A Few Good “Rules” for Life
As readers of this blog know, I am a fan of the philosopher Alain de Botton. De Botton (pronounced dee-bow-tain) has focused his work on making philosophical insight accessible and useful for ordinary people. What a concept.
He has created an on-line “School of Life,” which is a repository of short videos on all sorts of topics and life conundrums. Daunted by the out-put of the “School of Life,” de Botton recently condensed his main points into something called “The Eight Rules of Life.”
I’m not going to go over all eight. You can watch the video. I encourage you to do so.
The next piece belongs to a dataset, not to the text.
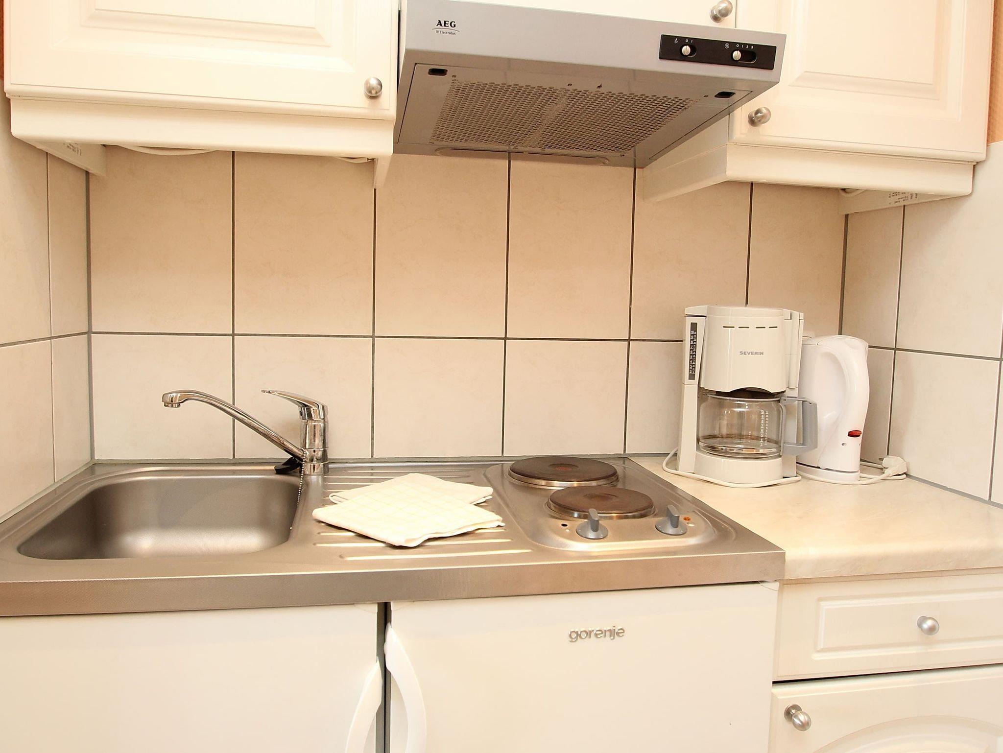 Balkon, Markise, Küchenzeile, Mikrowelle, Duschbad/WC, Fön, TV, Stereoradio mit CD, kostenl. W-Lan, Safe, Aufzug, inkl. Tiefgaragenstellplatz (Einfahrtshöhe: 1,85 m).

But I do want to comment on the first two “rules.” They are, “Accept Imperfection,” and “Friendship.”
What intrigues me about these first two is how, to my mind, they parallel the basics of the Christian faith.
Under “Accept Imperfection,” de Botton says, “We are all inherently flawed and broken beings, perfection is beyond us . . . no one is ‘normal,’ and the only people we think of as normal are people we haven’t really gotten to know.”
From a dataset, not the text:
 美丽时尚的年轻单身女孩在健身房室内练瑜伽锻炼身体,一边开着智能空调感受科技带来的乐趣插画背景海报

The Christian version of this is the hoary doctrine of “original sin,” and its claim that all — not some — of us are sinners, that is flawed and broken beings. I think I have previously quoted Pascal’s delightful riff on this: “The world does not divide between saints and sinners; but between sinners who believe themselves to be saints, and saints who know themselves to be sinners.”
True, the language of “sin,” and even more so “original sin” tends to be heavily freighted and to conjure up heavy-set, red-faced, “fire-and-brimstone” preachers, men of course, insisting that we are terrible people who must repent or we will go to hell.
But the real point of the idea that we are all sinners is closer to what de Botton says. “We are all inherently flawed, broken beings.” You, me, the whole lot of us. Instead of terrifying us, the imperfection/ sinner thing can be freeing and realistic. It can lead to compassion for others and for ourselves, which seems to have been Jesus’ modus operandi.
And indeed, de Botton’s second rule is “Friendship.” “Given that each one of us is weak, mad and mistaken, we will want to be slower to judge, quicker to understand,” and to be kind.
Note how that works. An awareness of the universality of sin and brokenness doesn’t lead to judgmentalism but to compassion, to greater kindness. I’ve sort of thought that was the implication of “original sin” or “all have sinned and fallen short of the glory of God,” i.e. sympathy for one another. Compassion towards others — and also toward ourselves.
So often church became a place where we went to pretend we had it all together, that we were, if not perfect, then well on the way. What a liberation to re-frame church as a community where the unifying truth is that “we are all flawed and broken beings” in need of grace. (Recall what I said in my last blog, “the gospel is a bullshit detector.” )
In his books Lynch’s characters are all wildly imperfect, some more so than others, but all in some way broken and crazy. Often the cracks in his characters are, in Lynch’s deft hands, the source of great humor. “The cracks,” as someone has said, “let the light shine through.”
But the thing that Lynch couples with this parade of mad, flawed and perplexing people is an overarching outline of grace, of a mercy at work, in and through it all to bring not perfection but redemption. Another way to put this would be to say that Lynch gestures, amid life’s confusions and failures, toward the ultimate friendship of God. Jesus, one might say, is the face and the form of that friendship.
I’ll leave it to you to explore de Botton’s other six rules of life, knowing as you do that by definition you and I will break them at least as often, if not more so, than we keep them. Such is life!